Размер шрифта
-
+

11 встреч. Интервью с современниками - стр. 2

А так как жилья не было, то я жил в здании штаба. Это был барак, а в нем была коморка. Там раньше уборщицы держали инвентарь. И в этом подсобном помещении поставили три кровати для меня, жены и двоих наших детей.

– Что же этот комплекс делал?

– Строил атомные объекты. Там потом в этой пустыне был построен новый город Навои. Красавец-город. Когда первые дома построили, мы все ждали. Мне в самом начале строительства обещали комнату в одном из двух первых домов, и я ждал, ох как я ждал – вот-вот будет, вот-вот будет.

А когда их построили, то все вокруг оцепили и стали эти дома взрывать.

И взывали их до тех пор, пока полностью все не развалилось, а мы стояли и чуть не плакали. Оказывается, их испытывали на землетрясение, при какой силе землетрясения они развалятся, чтобы потом строить устойчивые дома. Затем опять началось строительство, построили новые дома, мне там дали квартиру. Вечером сказали: вот тебе квартира. Я так обрадовался. Я не стал ждать утра. Я ночью перебрался в эту квартиру, чтобы ее не занял кто-нибудь другой, а утром генерал– лейтенант Зарапетян, дважды Герой Социалистического труда, возглавлявший эту контору, мне и говорит, что пришел приказ о моем переводе в Москву – вот такая история.
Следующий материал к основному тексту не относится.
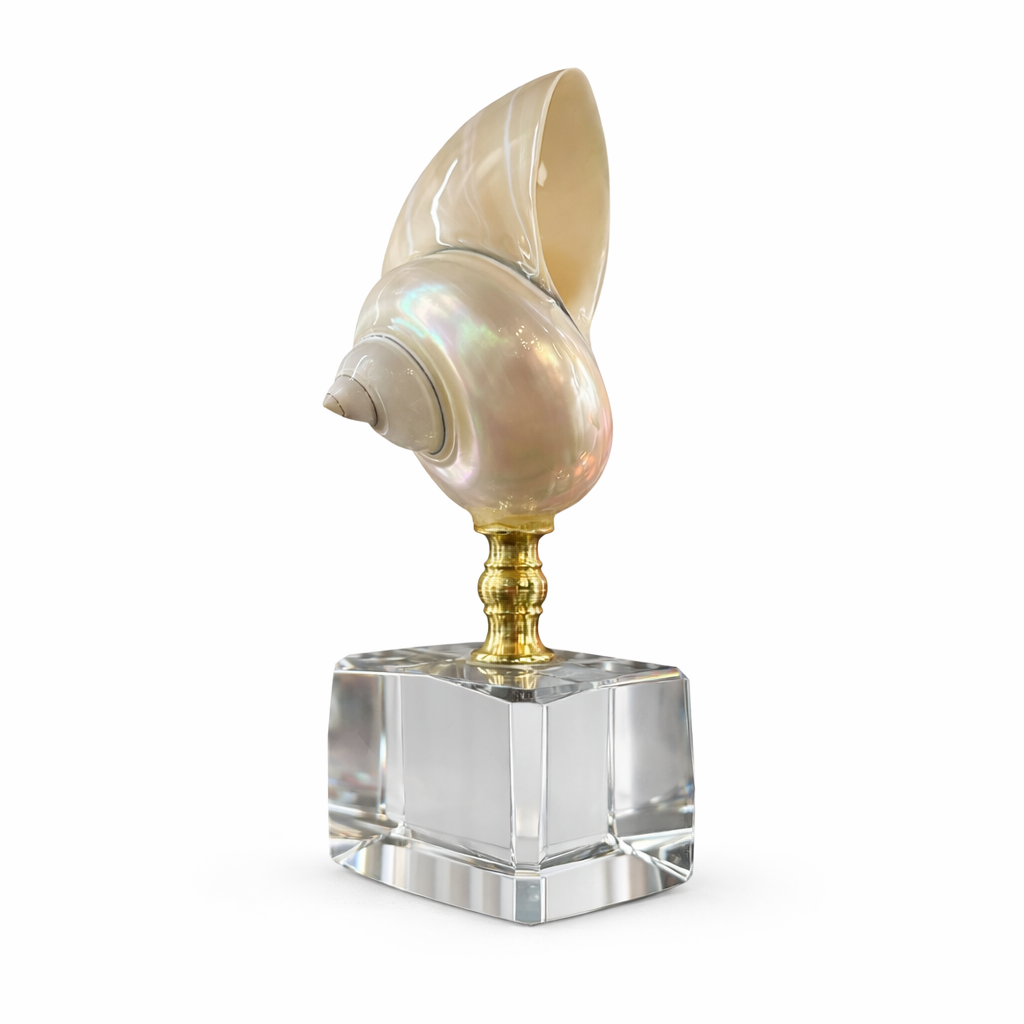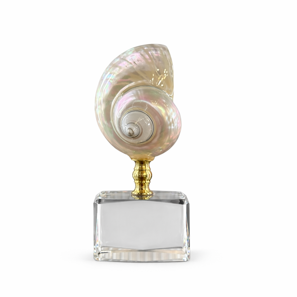 Üst kısmında bulunan doğal Burgos deniz kabuğu, sedefli parlak yüzeyi ve benzersiz renk geçişleri sayesinde her ürünü özel kılar. Alt bölümdeki kristal kaide ise ürüne zarif, modern ve lüks bir görünüm kazandırır. Deniz temalı dekorasyon, şık salon aksesuarları ve özel tasarım objeler arayanlar için ideal bir tercihtir.
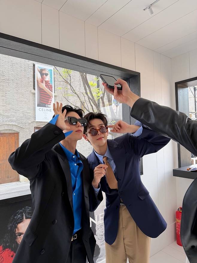 이날 박보검은 선명한 블루 셔츠에 블랙 더블 브레스트 재킷을 매치하여 세련되면서도 클래식한 ‘셀린느 보이’의 정석을 보여주었다.
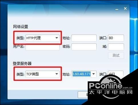 在QQ程序登陆界面中,点击右上角的“设置”按钮,从打开的新界面中,选择“HTTP代理”和“TCP类型”,点击“确定”后再次尝试登陆QQ程序。
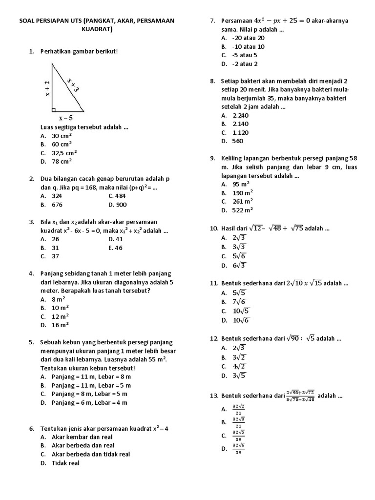 Soal Persiapan Pts Mtk Kelas 9
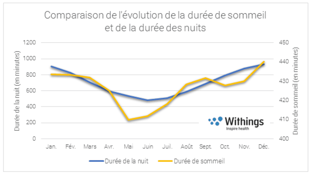 Au cours de l’année, la durée des jours liée à la durée d’ensoleillement évolue : du solstice d’été (plus longue journée) en juin au solstice d’hiver (plus longue nuit) de décembre, les nuits sont de plus en plus longues. Le corps humain qui est sensible au soleil, nous incite à suivre ce rythme, puisque l’on observe globalement que les gens dorment de plus en plus de juin à décembre, puis de moins en moins de décembre à juin.

Так что я опять собирал свои вещи…

Зарапетян был хороший человек и ко мне относился по-доброму. Он каждый день проходил мимо той конурки, где я жил, – все это в штабе же, и вот он каждый раз говорил, как ему неудобно, что я в таких условиях. А перевели меня в Подмосковье в качестве замполита батальона обеспечения, здесь в Дубне построили огромный синхрофазотрон. Он до сих пор работает.

– А потом?

– А потом из Дубны меня перевели в Академию им. Гагарина преподавать социально– экономические дисциплины. А я писал. Я писал всем, что я боевой офицер, и что же это такое, и одновременно я писал кандидатскую диссертацию по развивающимся странам. И моя докторская диссертация тоже была на эту тему. Тогда же я освоил и дари. Я же по национальности осетин. А дари и осетинский язык очень созвучны, поэтому некоторые вещи я понимал сразу. И вот я выучил дари, а затем и фарси. Не очень здорово, конечно, но я понимал.

А в 1977 году я – заместитель начальника кафедры – попал в Афганистан. Меня туда направили в качестве военного советника. Когда я туда приехал, то сразу, увидев, что мы там делаем, я подумал, что не то мы делаем, не то.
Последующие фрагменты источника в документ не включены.